Fixing it is relatively easy. To fix it:

std::string const& func() const& // notice &
{
    return m.find("key")->second;
}
std::string func() && // notice &&
{
    return std::move(m.find("key")->second);
}

do rvalue overloads and return moved-into values by value when consuming temporaries instead of returning references into them.

Then the

auto&& __range=exp;

line does reference lifetime extension on the by-value returned string, and no more dangling references.

As a general rule, never return a range by reference to a parameter that could be an rvalue.


Appendix: Wait, && and const& after methods? rvalue references to *this?

C++11 added rvalue references. But the this or self parameter to functions is special. To select which overload of a method based on the rvalue/lvalue-ness of the object being invoked, you can use & or && after the end of the method.

This works much like the type of a parameter to a function. && after the method states that the method should be called only on non-const rvalues; const& means it should be called for constant lvalues.
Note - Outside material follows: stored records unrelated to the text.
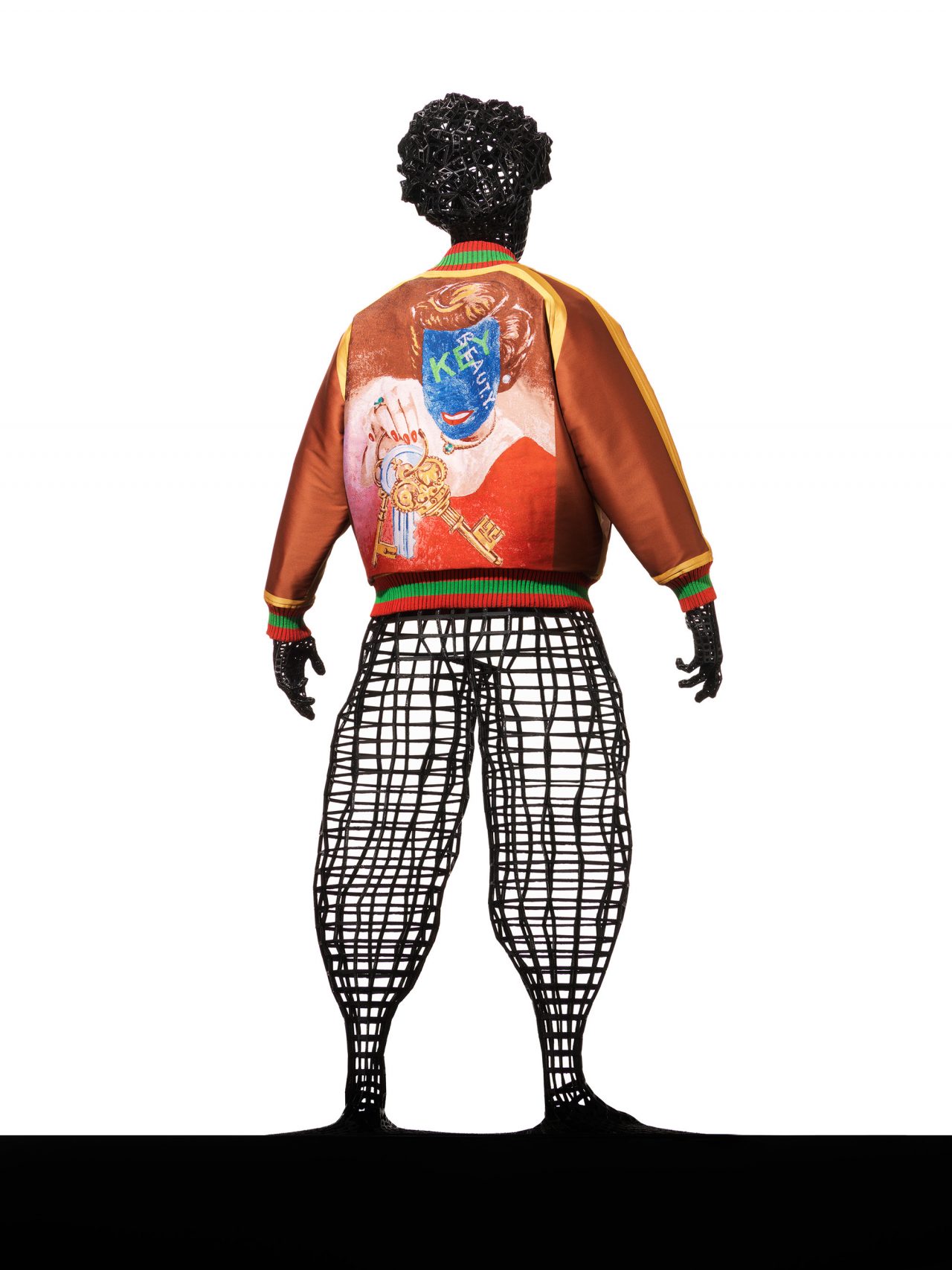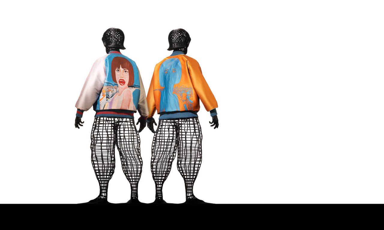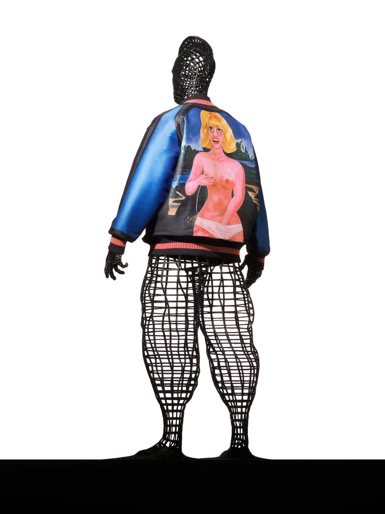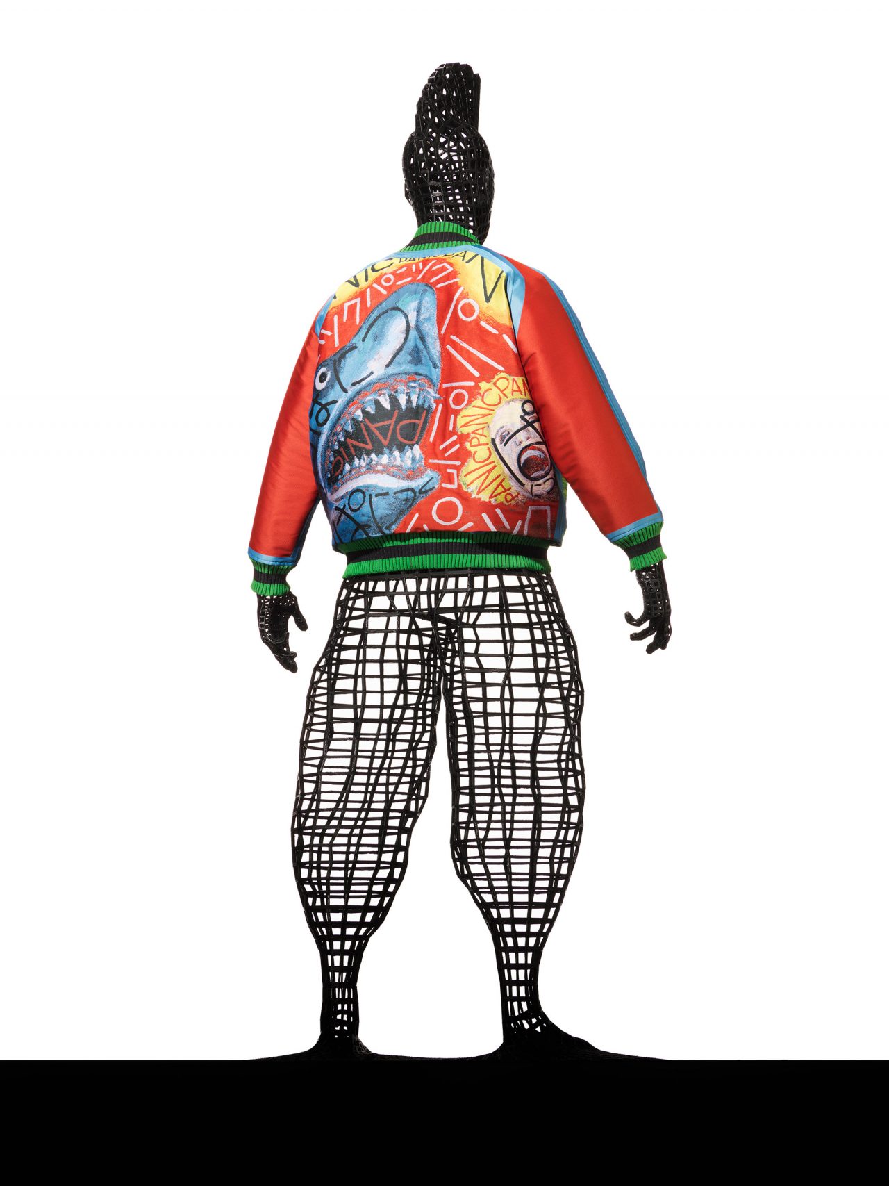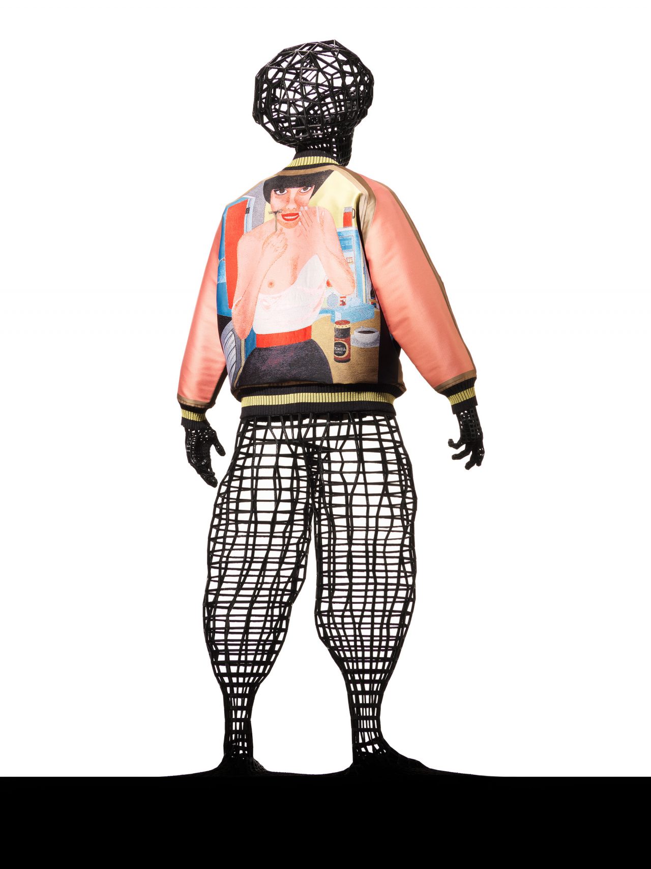 注目したいのは、ブルゾンの裏側。生地を織るとき、表面で使われない色の糸が裏側に表出することから、左右反転した横尾の作品が思いがけない色彩で出現しているのだ。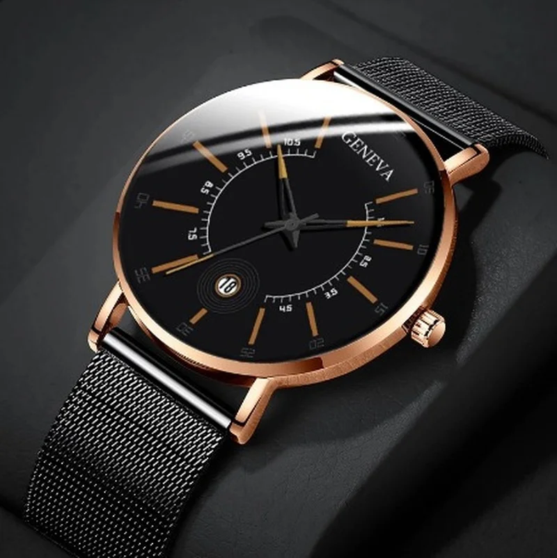Часы наручные кварцевые для мужчин и женщин, модные водонепроницаемые Роскошные с календарем и сетчатым браслетом из нержавеющей стали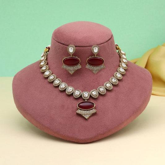 Maroon Color Handmade Jaipur American Diamond Necklace With Monalisa Stones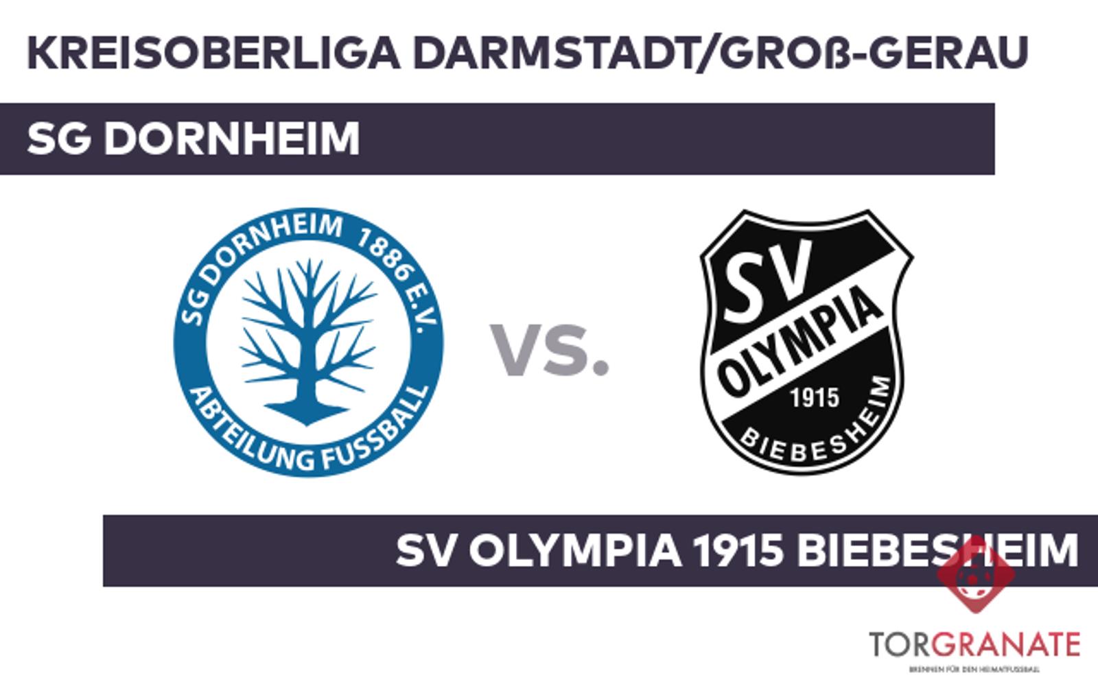 Kreisoberliga Darmstadt/Groß-Gerau: SG Dornheim – SV Olympia 1915 Biebesheim (Sonntag, 15:30 Uhr)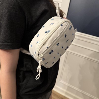 [This review was collected as part of a promotion.] Go ahead and let your preteen and younger daughters grab this amazing fanny pack. As a mom, I have a more expensive brand and my daughter always wants to use mine. When we found this one we just had to have it for her. It is all white with super cute flowers throughout the print. It easily goes across your waist or across the body. I can store all of your daily items, such as phone, Chapstick, and money. I received an incentive to write this review.

Things that don't exactly match follow the usual precidence rules.

When you have a method that returns a reference into an object, make sure you catch temporaries with a && overload and either don't return a reference in those cases (return a value), or =delete the method.


S().func()

This constructs a temporary object, and invokes a method that returns a reference to a std::string that's owned (indirectly) by the temporary object (the std::string is in the container that's a part of the temporary object).

After obtaining the reference, the temporary object gets destroyed. This also destroys the std::string that was owned (indirectly) by the temporary object.

After that point, any further usage of the referenced object becomes undefined behavior. Such as iterating over its contents.

This is a very common pitfall, when it comes to using range iteration. Yours truly is also guilty of getting tripped over this.